Reply 16 of 75, by bakemono

User metadata
Rank Oldbie
Rank
Oldbie

Doesn't the G550 use 64-bit DDR like the G450, and unlike the G400 which uses 128-bit SGRAM? Expect better fillrate from the lower latency of SGRAM, vs DDR.

GBAJAM 2024 submission on itch: https://90soft90.itch.io/wreckage

Reply 17 of 75, by vvbee

User metadata
Rank Oldbie
Rank
Oldbie

Problem is the benchmarks here show no difference in fillrate, so it can't be write latency anyway.

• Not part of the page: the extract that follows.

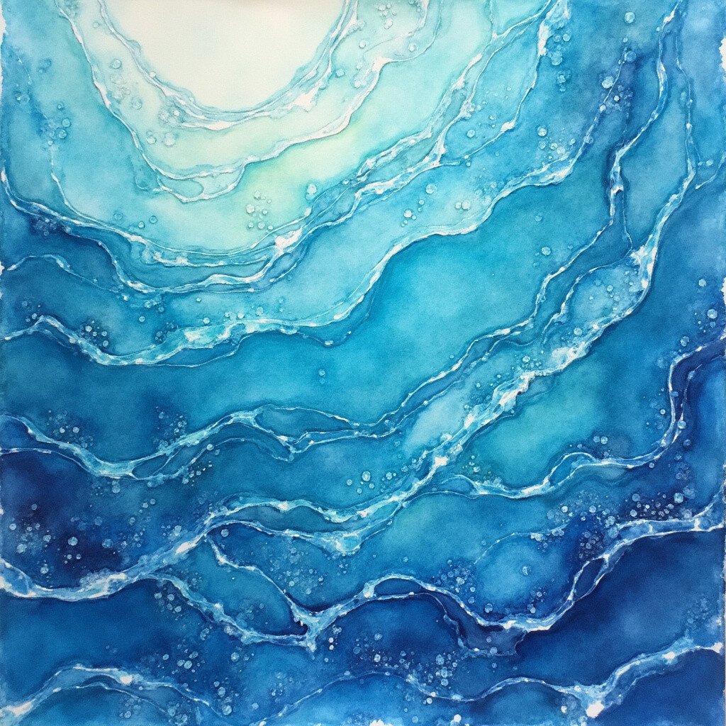 Dive into the sea with bubbly ocean waves. Using bubble wrap on wet watercolor can create the illusion of foamy, crashing waves. Press the bubble wrap onto the paint and watch as it forms a textured, lively ocean.

I'd assume read latency would come into play in the textured fillrate tests, but those results are more or less identical as well.

Reply 18 of 75, by The Serpent Rider

User metadata
Rank l33t++
Rank
l33t++

G550 is always DDR SGRAM and some G450 variants are also DDR SGRAM.

I must be some kind of standard: the anonymous gangbanger of the 21st century.

Reply 19 of 75, by vvbee

User metadata
Rank Oldbie
Rank
Oldbie

With more Direct3D games tested (800 x 600, 16-bit), the relative performance between the G400 and the G550 looks like this:

The attachment ftryoig.png is no longer available

MT Madness 2 is Monster Truck Madness 2.

So, there are some aspects of the G550 that make it faster (multitexturing) and some aspects that make it slower (unknown). You could pick half of these games and it'd look faster in Direct3D, pick the other half and it'll look slower.

As far as explaining the results, Thief 1 and 2 are similar to Quake 1 and 2, lightmaps and relatively simple geometry, presumably favoring the G550. I assume Rally Trophy is showing the benefit of single-pass multitexturing as well, but the difference is suspiciously big. Not too sure about the rest. Gothic, RealMYST and Trainz have similar terrain as game #1 in 3DMark2000 where the G550 was handicapped, but Rally Trophy does as well. What connects Formula One 97 and Homeworld?

There's no clear correlation between Direct3D version and the results for the G550, ditto for year of release.